In the GCaP course notes, the Erlang equations occur in the section on a single common waiting line with m servers. Erlang, who was employed by the Danish Telephone Company, first formulated and solved this queueing model in 1917 for doing capacity planning of trunk calls; each trunk line being a separate server. The trouble is, even his original paper offers no insight into what is going on physically, nor does it explain why the M/M/m queue is so much more complicated mathematically than the M/M/1 queue. This summary by my colleague Mike Tanner gives you an idea what "complicated" means in this context. Consequently, you really need to program a calculator or computer application (e.g., Excel) a to solve for the M/M/m performance metrics e.g., the expected queue length (Q) or mean waiting time (W).
The complexity arises from the mathematical expression for the probability that an incoming request (e.g., a phone call) finds all m trunk switches occupied (busy) and therefore must wait ("Call waiting" in modern parlance). That probability is given by the Erlang-C function, which is expressed in terms of the number of servers (m) and how busy each server is (Greek letter: rho).
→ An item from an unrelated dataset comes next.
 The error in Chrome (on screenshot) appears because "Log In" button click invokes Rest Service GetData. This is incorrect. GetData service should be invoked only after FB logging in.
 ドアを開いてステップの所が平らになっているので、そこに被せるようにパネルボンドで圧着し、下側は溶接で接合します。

Just to give you an idea, here's what the Erlang B and C functions look like as we progress from m = 1 to m = 6 servers:
What do these complicated rational functions mean physically? The fact that they can be derived from a bunch of inscrutable probability equations associated with Markov Chains is mere mathematics, not a physical explanation. Queues are real and therefore all those rho's and m's must be physically identifiable with what's going on in the queue at the bank or post office or help desk or multiprocessor or multicores. As far as I know, that level of explanation has never been given until now.
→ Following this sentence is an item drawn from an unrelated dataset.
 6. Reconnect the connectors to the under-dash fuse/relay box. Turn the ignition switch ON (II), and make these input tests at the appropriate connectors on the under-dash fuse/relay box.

In the spirit of "going Guerrilla", I have always avoided such complications in my classes by using a simpler but approximate formula for the residence (or response) time, viz., $R = S/(1 - \rho^m)$ where S is the mean service time and rho is the per-server utilization. This simpler formula can easily go into a single Excel cell, for example. Remember, $R = S + W$. In Chapter 2 of my Perl::PDQ book, I derived this approximate formula using a finite geometric series. The question still remained, could I use my approximation to get to the exact formula? The idea I had was to adjust the approximation by adding in the appropriate corrections. That turns out to be rather fruitless because the corrections are as inscrutable as the exact expressions one is trying to derive. Moreover, any physical insight (the key objective) remains obscured behind a morass of polynomials, like those in the above table. However, now that I've solved it via a completely different route, I can look back with the benefit of hindsight and see the connection between my previous approximation and my new exact derivation.
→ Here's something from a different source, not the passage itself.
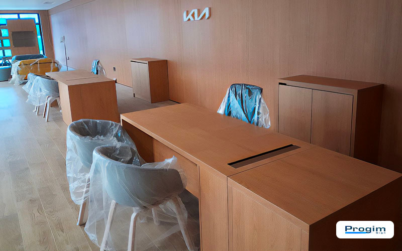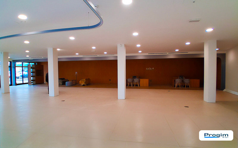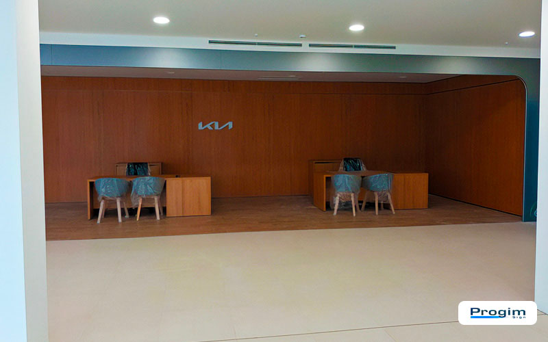 Per la sede Pasquarelli di Giulianova, Progim Sign ha gestito un intervento di rebranding completo in ambito KIA, con un focus chiaro: portare l’intero punto vendita in piena coerenza con il format ufficiale, lavorando su arredi, pareti e sull’elemento architettonico distintivo del brand, l’arco.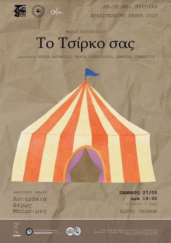 Το Σάββατο 27 Μαΐου στις 7.00 μ.μ. στο Χώρο Τεχνών οι ομάδες «Αστεράκια» και «Μπόμπιρες» των Θεατρικών Εργαστηρίων του ΔΗ.ΠΕ.ΘΕ. Βέροιας σε συνεργασία με τη Θεατρική Ομάδα «Θέρως» της «Κινηματόδρασις» θα παρουσιάσουν «Το Τσίρκο σας».

Using a few simple diagrams, not only can I derive the Erlang-C formula (the most complicated one), but remarkably it forces out the waiting-time equation as part of the process. They are intimately linked together. This approach also provides a completely different and IMHO more comprehensible view of how the M/M/m queue relates to M/M/1. At no point do I invoke Markov Chains or any probably theory beyond the Poisson distribution, which you must grasp anyway to properly understand M/M/1 or any queueing concepts.
The next task is to write this out in a more comprehensible way than my current writing-pad scribbles and Mathematica code and see if I still believe it. ;-)
happy new year and congratulations on a improved derivation of Erlang C. pls post it when you get a chance. hope to see you in aug GDAT class.
ReplyDeleteDid you ever write this out in full?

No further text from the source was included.